In any case, I’m really trying not to let myself get frustrated. Even in this first lesson, I found myself reading and re-reading instructions for even the most basic of “activities.”

Perhaps I’m simply not acclimating to thinking from “the back end” like this. Indeed, I fancy myself somewhat creative, yet from what I can gather, successful programs are not merely creative: they are able to envision whole words and define the terms that creates those worlds.

That’s mind-blowing to me.

I suppose for now I’ll have to be content with the mere shrubs and brushes I’m starting to program before I can think about the tall buildings and – goodness knows – the people to populate this digital world.

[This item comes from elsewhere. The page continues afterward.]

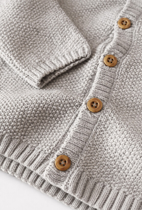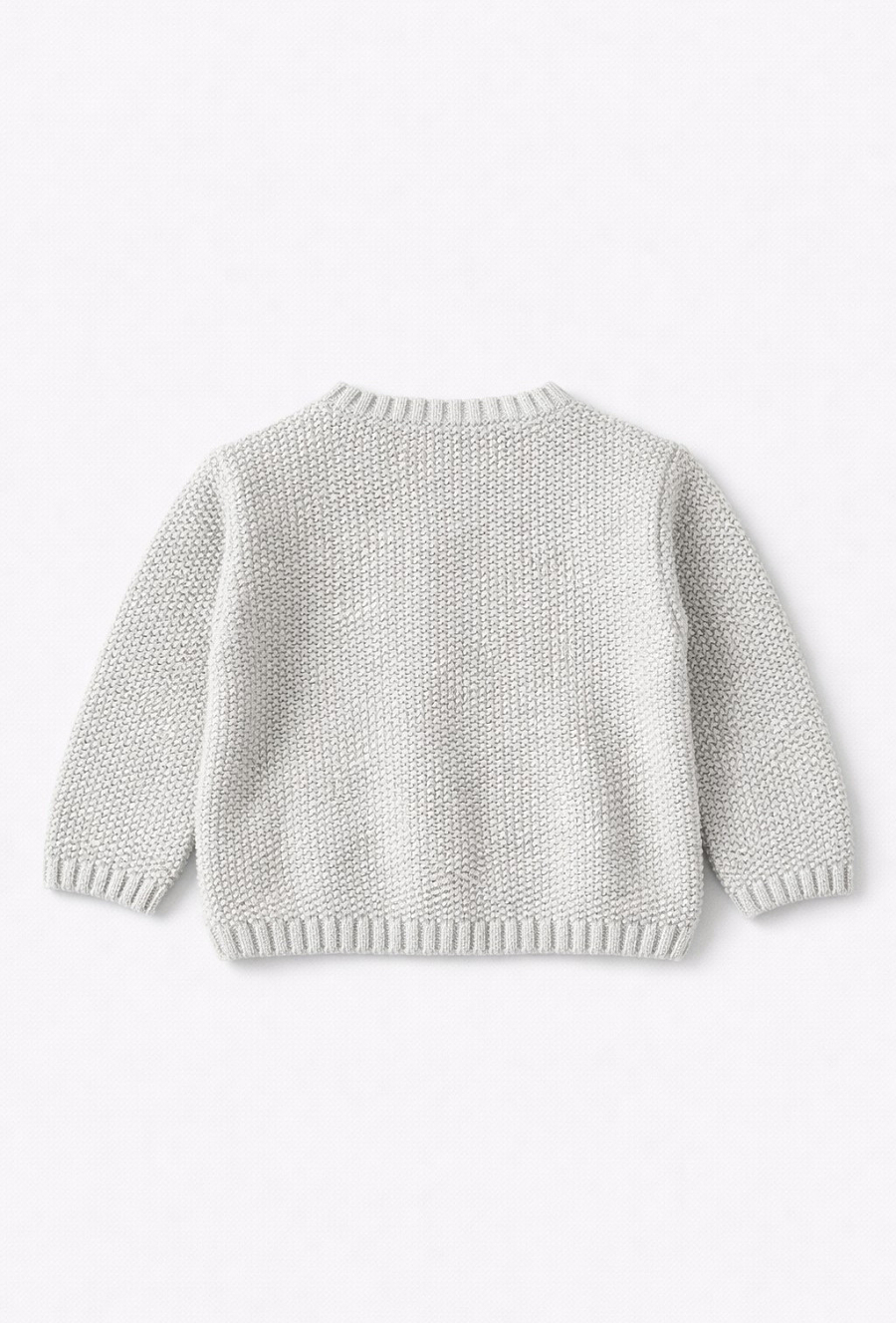 Miękki i wygodny sweter rozpinany wykonany w 100% z bawełny to idealna warstwa na chłodniejsze dni. Naturalny materiał jest przyjazny dla delikatnej skóry niemowlęcia, zapewniając komfort noszenia. Praktyczne zapięcie ułatwia ubieranie, a klasyczny fason sprawdzi się w codziennych stylizacjach.

2 thoughts on “Code Year: Lesson 1

  1. You were right when you said both strings and variables “are all simply units of different types to be stored”. Variables are more than numbers. They’re a thing you use to store some sort of information, like a number. But a string is also a variable because it holds information, like “Some Text”. In other programming languages you have to get more specific with variables and say it can only be of some type, like a whole number, a decimal number, and string, etc. Javascript is nice in that regard because you get to be lazy.

    Loops are simpler than they sound. For starters, the only syntactic difference between an if statement and a while loop is the word. Just change if to while and you’re set! Well, there’s a bit more. There are really 3 parts to a loop. In the kind of loop you’re creating you’ll want to use a variable (i) to count how many times you’ve displayed the word “hello”. Here are some big words (with definitions!).
    1) Variable Initialization – Start out some variable to some base thing. In your example, it’s when you say var i = 0; (Good so far)
    2) Condition Statement – When you check the variable to decide if you want to use the code inside that loop.
    3) Change Control Variable – When you change something for your condition so you don’t end up that loop forever (infinite loop).

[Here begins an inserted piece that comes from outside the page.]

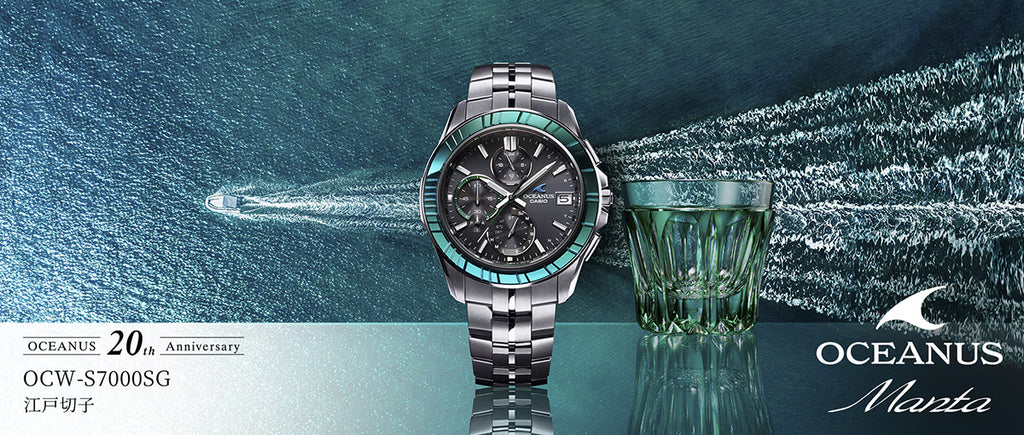 上質な仕上げと薄く美しいフォルムを追求している「OCEANUS Manta(オシアナス マンタ)」ラインから、江戸切子の職人が一つひとつ手作業で、ベゼル上のサファイアガラスに船の航跡をイメージしてカットを施しました。江戸切子にしか表現できない煌めきとシャープな美しさが魅力的な仕上がりとなっております。

    Your condition statement (i = “hello”) should be quite different. You’ll want to use that variable (i) to know how many times you’ve been inside that loop.
    Your line console.log(“hello”++) should be 2 separate lines. The first line with display the string “hello” and the second line will add 1 to (i), making it go from 0 to 1. When (i) is 2 you know you’ve been in there 2 times. *hint hint*

    To visualize this in your head you just have to know the order these things happen. Imagine this code.
    var count = 0;
    while(count < 3)
    {
    console.log("Inside the loop");
    count++
    }
    console.log("No longer in loop");

    First set that variable i to 0. Then check the condition for the while loop. Since count is 0, and 0 is less than 3, the condition is true making you go inside the loop. That's when you display the string "Inside the loop" and then the count++ will add 1 to count, making it 1. Then you go back up to the condition for the loop, the (count < 3) part. So, is count less than 3? Well, count is 1 and that's less than 3, so yes you go into the loop again. Display that string, add 1 to count, making it 2 and move back on up to the condition part again. Since 2 is less than 3 you make it back into the loop code again. This time you make count equal to 3. So you get back up there and the condition checks, is 3 less than 3? If it is, we go back into the loop, if not then it's false and we stop doing loop code and make it to the next line that displays "No longer in loop".

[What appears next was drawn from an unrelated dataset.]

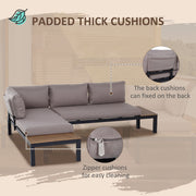 Enjoy the Summer sun like never before with this outdoor lounging set from Outsunny. Consisting of three pieces, the set includes a two-seater sofa, a chaise lounge and a matching table to seat up to three people with ease ideal for enjoying the outdoors with family and friends. Using solid aluminium, the frame of each piece is strong and resistant to light weathering, with plush padded cushions on the seats and backs for you to sink in and relax for hours on end. Small end tables on the sofas complete each piece, with a matching table included for extra surface space meaning you won't have to move a muscle once sat down.

  2. Wow, thank you, “me!”

    I appreciate the clarification on the distinction between variables and strings. I suppose I was a bit reductive in my own rendering of the definitions!

    I’ll admit that I’m still a little bit confused on how to enact the “hello” program. I understand the concept of creating a framework to work in and out of the loop, but I’m still not sure how to establish that the variable “hello” is the variable I want repeated within that framework. I hope that makes sense? I’m going to go back to that exercise with your tips and see if I can figure it out!